The Savoury Upgrade: Masala French Toast
Move over, sweet French toast. The Indian savoury version, often called 'Bombay Toast,' is the perfect hero for a damp morning. It's spicy, satisfying, and comes together in minutes with ingredients you likely already have. All you need are bread slices,
eggs, milk, and a few common spices. The magic happens when you whisk eggs with finely chopped onions, green chillies, coriander, and a pinch of turmeric. Dip the bread into this vibrant mixture until it’s well-coated. Pan-fry on both sides with a bit of butter or oil until golden brown and the edges are delightfully crispy. The aroma of the sizzling masala mixture is guaranteed to lift your spirits. Serve it hot with a side of tomato ketchup or mint chutney for an extra layer of flavour. It’s a full-on breakfast that feels like a hug in a bite.

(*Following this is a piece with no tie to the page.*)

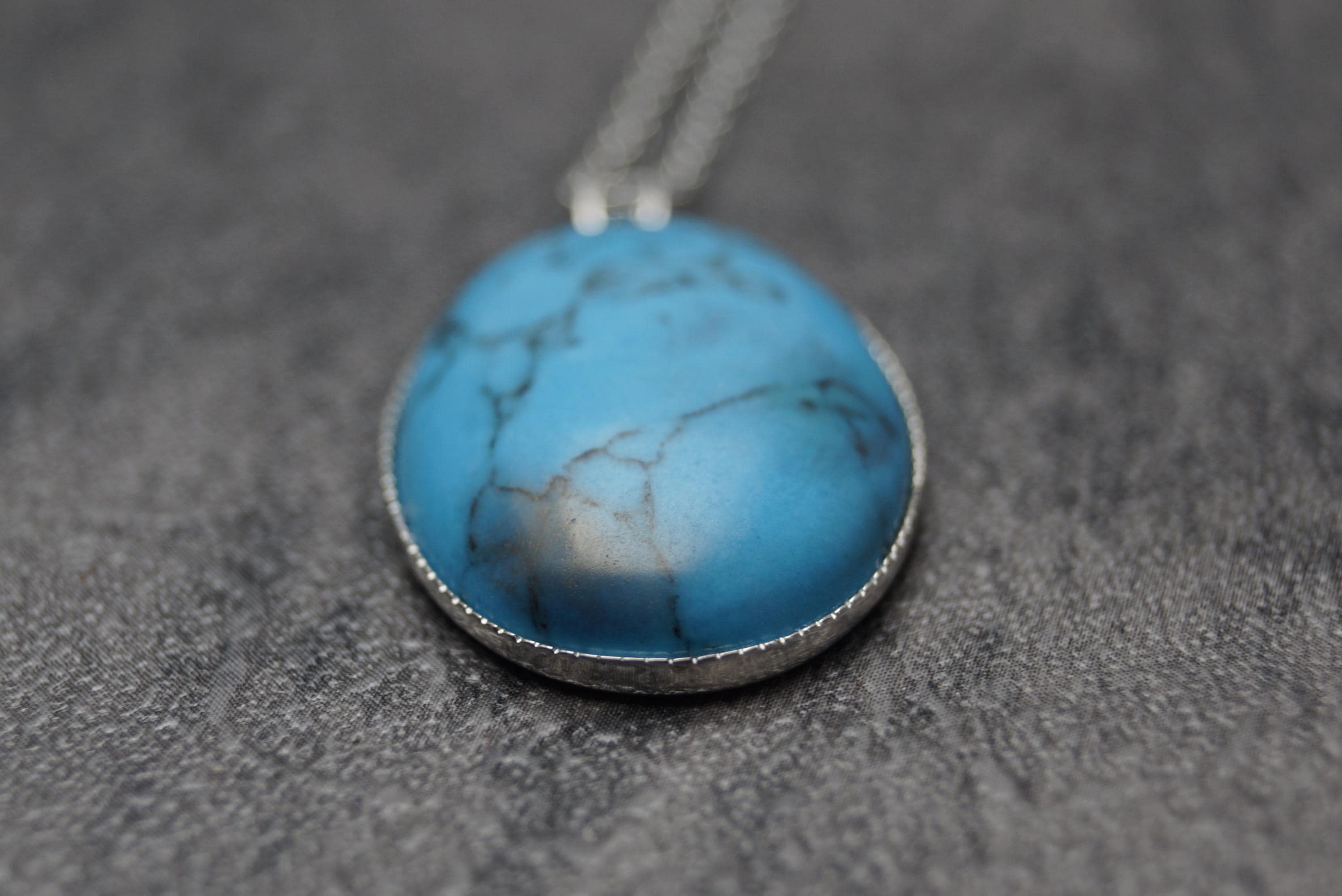 Sterling Silver Turquoise Milled Edge Pendant & 18" Chain, features a natural Turquoise gemstone.

The 10-Minute Wonder: Classic Kanda Poha
When you need a quick, light, yet filling breakfast, nothing beats poha. Made from flattened rice, this dish is a staple across India for a reason. On a rainy day, its simplicity is its biggest strength. Start by gently rinsing thick poha flakes and letting them drain—this ensures they become soft without turning mushy. While they rest, heat some oil and prepare a fresh tempering (tadka) of mustard seeds, curry leaves, and green chillies. Sauté some chopped onions until they turn translucent, then add turmeric powder. Finally, add the softened poha, roasted peanuts for crunch, and a pinch of salt. Stir everything together gently until the flakes are evenly yellow and fluffy. A final squeeze of lemon juice brightens up all the flavours beautifully. Garnish with fresh coriander and maybe some crunchy sev for a breakfast that is ready in under 15 minutes.

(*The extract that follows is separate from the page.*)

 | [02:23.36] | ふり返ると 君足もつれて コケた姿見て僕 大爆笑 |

The Healthy Pancake: Besan and Sooji Cheela
If you’re craving pancakes but want something savoury and healthy, the besan (gram flour) cheela is your answer. This Indian-style pancake is protein-packed, gluten-free, and incredibly versatile. For a crispier texture, add a few spoons of sooji (semolina) to your besan. Simply whisk the flour with water to create a smooth, lump-free batter of pouring consistency. Mix in finely chopped onions, tomatoes, green chillies, and fresh coriander leaves, along with spices like turmeric and ajwain (carom seeds), which aid digestion. Pour a ladleful of the batter onto a hot, lightly oiled pan and spread it into a thin circle, much like a crepe. Cook on both sides until golden brown and cooked through. It’s a fantastic way to sneak in some vegetables and provides a warm, satisfying meal that isn't too heavy.

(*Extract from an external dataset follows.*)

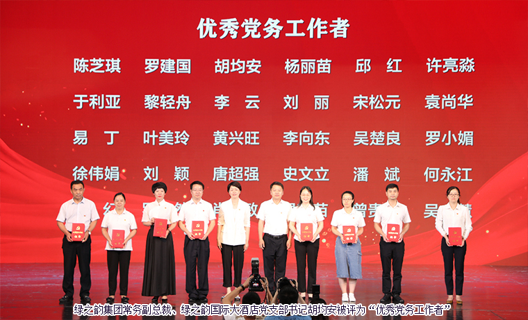 會(huì)上,瀏陽(yáng)經(jīng)開(kāi)區(qū)黨工委委員、管委會(huì)副主任何六生宣讀表彰文件。與會(huì)領(lǐng)導(dǎo)為獲得表彰的優(yōu)秀集體和個(gè)人頒獎(jiǎng)。綠之韻公益基金會(huì)黨支部憑借出色的黨建工作被中共瀏陽(yáng)經(jīng)濟(jì)技術(shù)開(kāi)發(fā)區(qū)工作委員會(huì)評(píng)為“先進(jìn)基層黨組織”;綠之韻集團(tuán)常務(wù)副總裁、綠之韻國(guó)際大酒店黨支部書(shū)記胡均安被評(píng)為“優(yōu)秀黨務(wù)工作者”;黨員楊丹、陳建新被評(píng)為“優(yōu)秀共產(chǎn)黨員”。

The Comfort Bowl: Masala Oats Upma
Give your regular oatmeal a savoury twist with this quick and comforting Masala Oats Upma. It combines the health benefits of oats with the beloved flavours of a traditional upma, making it an ideal breakfast for a wet and chilly day. The process is just as quick as making regular upma. Start with a tempering of mustard seeds and curry leaves, then sauté onions until soft. You can add finely chopped vegetables like carrots and peas for extra nutrition and colour. Add quick-cooking oats and toast them for a minute before pouring in hot water. The oats cook in minutes, absorbing the spiced water to become a soft, flavourful, and porridge-like dish that is both light and incredibly filling. It’s the perfect one-bowl meal to warm you up from the inside out.